Data Engineer
Full time
Seven Bridges Centralna Srbija, Serbia (201-500 employees)
About the job
At Seven Bridges we are building the most advanced cloud computing platform for genomics data analysis. Our team and product enable scientists to analyze genomic data faster and more efficiently than ever, so they can focus on making progress in genomics and personalized medicine. Through our collaboration with the largest genomics projects, we connect the world’s biomedical information to enable the most efficient analysis at scale. We are a global company with offices in the US, UK, Serbia and Turkey, with roughly 300 employees and rapidly growing!
Do you want to help us engineer a healthier tomorrow, together?
As a member of our Engineering team you will have the opportunity to extend our platform and be involved in building the infrastructure required for optimal extraction, transformation, and loading of data from a wide variety of data sources using SQL and various ‘big data’ technologies.
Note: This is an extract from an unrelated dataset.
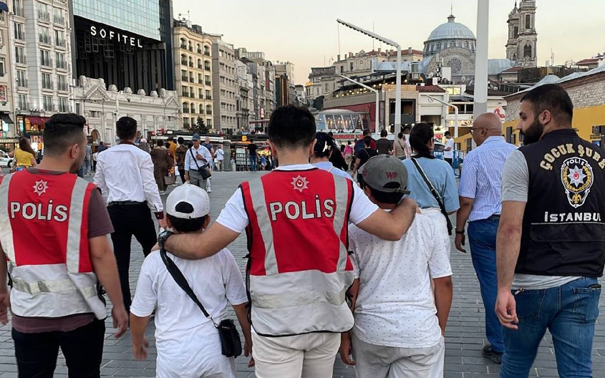 Taksim Meydanı ve İstiklal Caddesi çevresinde dilenen ve seyyar satıcılık yapan toplam 11 çocuk da muhafaza altına aldı.

Seven Bridges is a ‘Remote Friendly’ company. The successful candidate for this position could be remote within Serbia, or in Belgrade / Novi Sad offices.
Some of the problems we are solving are:
- Data wrangling and exploration; analyzing and organizing raw data
- Working with our bioinformaticians on developing tools and pipelines for structured transformation of rich datasets
- Designing schemas and data modeling
- Query optimizations
Do you have what it takes?
- B.S., M.S. or Ph.D. degree in Computer Science or a related technical field
- At least 3 years of professional experience working with data
- Experience with relational and non-relational databases
- Experience with SQL
- Experience in the design, optimization and support of big data ecosystems
- Experience with Python and/or Java programming languages
- Experience working with one or more of the following(or related) technologies: Snowflake, Amazon Redshift, Amazon Athena, Google BigQuery, Azure, Synapse.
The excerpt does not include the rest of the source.